Le sonreí y me fui a sentar con mis amigos. Alexander es la única persona que piensa diferente a los demás y todo. ¿Por qué me llamará por mis dos nombres? ¿No es más fácil que me llame con uno de los dos? Me gusta que siempre expresa una sonrisa, se sienten las buenas vibras positivas y alegres de él. Cuando llegué a mi casa, logre ver que estaba estacionado el auto de mi padre. Entre a mi casa y estaba él en el sillón con mi madre hablando de quien sabe qué, seguramente de mi o las cosas que faltan en la casa o deudas.

— ¡Hola papi! —Con una voz suave mientras lo abrazo y agacho mi cabeza.

— ¡Hola amor! —Besa mi cabeza— ¿Cómo le fue en el colegio?

— ¡Bien! —le sonreí y caminé poniendo mi mochila en el sillón— tan solo pensarlo me da mucha alegría —voy a la cocina.

— ¿Qué paso en el colegio?

Mientras buscaba un vaso limpio, mis padres llegaron juntos a la cocina.

—Nos cambiaron de profesor por alguien de nuestra edad —me sirvo un vaso de agua fría y les explico—: Se llama Alexander, el chico que encontré mucho en común que solo él me entiende. Aún sigo sin saber de cómo obtuvo ese trabajo de profesor.

—Tenga cuidado, no se confíe.

— ¡Ay, papi! No lo creo. Se ve que es una gran persona. Si fuera así, el director no lo hubiera contratado, además, el director parece que lo conoce muy bien.

—Me alegra que estés haciendo amigos nuevos.

Acaricia mi cabello mi madre mientras me besa la mejilla. 

  « ¿Mi mamá creerá que soy asocial? »

—Ya me voy —anuncia mi padre y añadió—: tengo que recoger a tus hermanas a la escuela —huele mi cabeza y se va.

Entré a mi cuarto y caí sonriente a la cama, miraba el techo y di un largo suspiro a recordar el día de hoy. Me había puesto hacer la tarea después del almuerzo, se me fue el tiempo y pude notar en mi ventana las estrellas en ese cielo oscuro.

Baje a cenar y mientras mi madre hablaba conmigo, recibí un mensaje de Alexander diciendo "Joisbell Francela". Me aguanté e ignoré el mensaje porque a mi mamá no le gustaba que usará el teléfono mientras ceno.
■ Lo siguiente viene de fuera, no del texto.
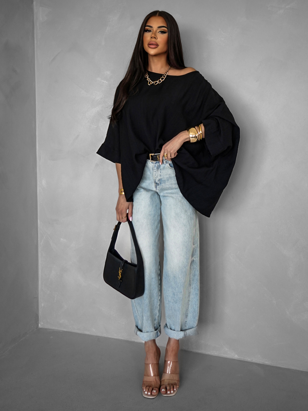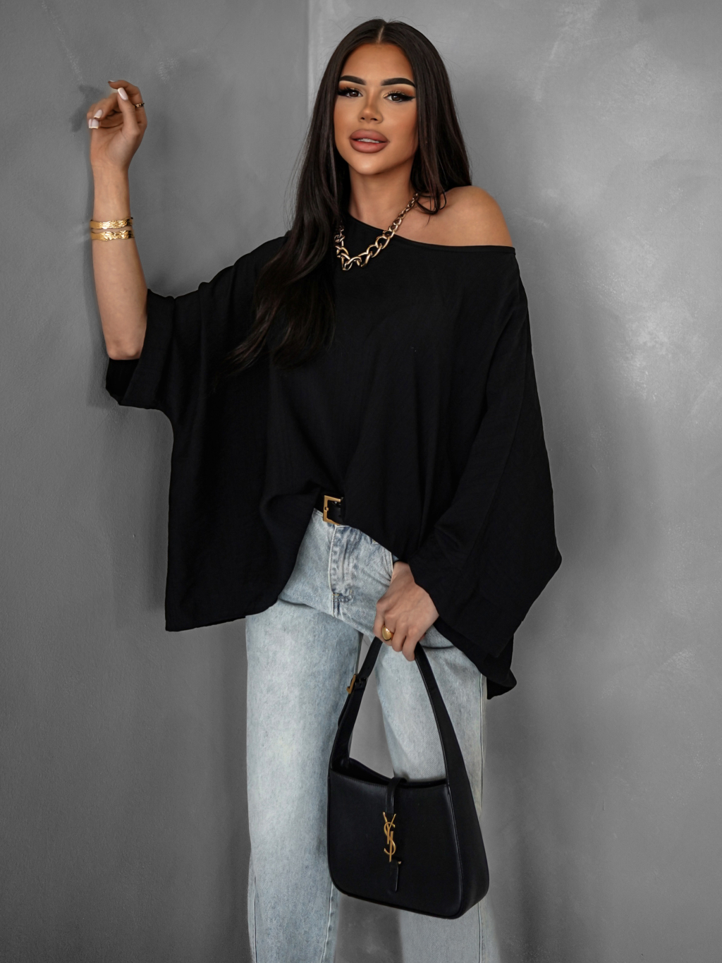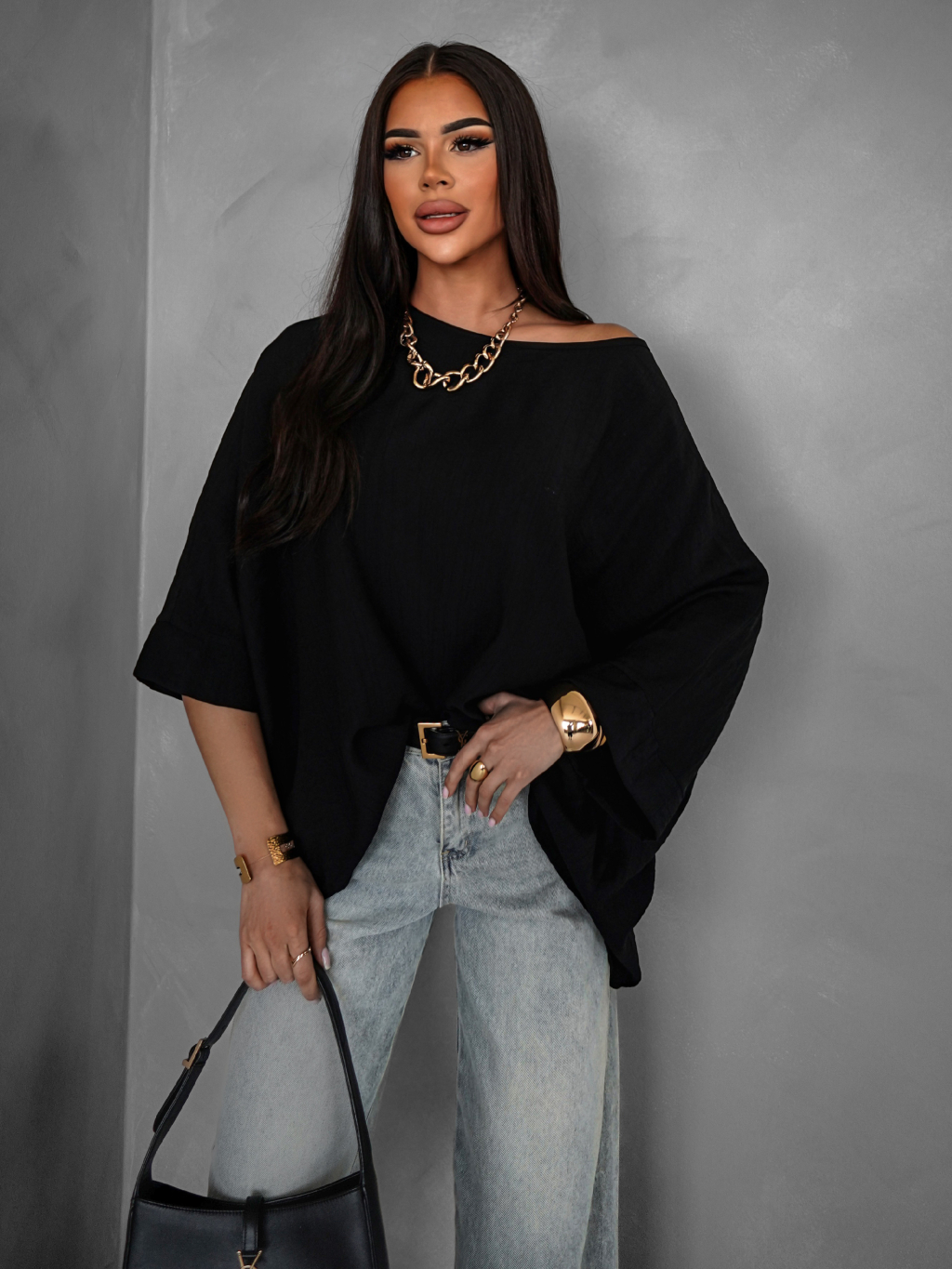Černá oversize tunika LYONNEL s dlouhým rukávem

Luego me entro otro diciéndome "Hola, soy Alexander Vermoni".

Me volví aguantar a no responderle y en eso suena el teléfono de mi mamá, era mi tía (hermana de mi abuela) como ella y mi madre hablan mucho, decidí contestar el mensaje:

 

Yo: ¡Hola! Disculpa, saque provecho mientras mi madre habla por teléfono.

Alexander: Tranquila, yo también saco provecho para hablarte. Que tonta regla la de no usar el teléfono en la cena ¿no crees?

Yo: Mi mamá dice que si no estuviera esa regla, la comida se enfriaría. Más que todo, mayormente dice que es momento en familia

Alexander: En algo tiene razón tu mamá, bueno Joisbell Francela, te dejo, ya se acabó los segundos de aprovecho.

Yo: Está bien, a mi igual, Espero que nuestra cena no se nos hubiera enfriado.

Alexander: ;-)

 

Estos cinco minutos de mensaje valió la pena, al menos si prometió que me mandaría un mensaje. De ahí, me fui a mi cuarto a lavarme los dientes y luego me acosté en mi cama a leer unos capítulos del libro Marco Ramírez, ojala fuera un libro que yo compré, pero en realidad es de la biblioteca y tengo que regresarlo. Me ha gustado este libro, entre más leo, más me gusta y más me la paso riendo de las cosas que le pasan a Marco Ramírez.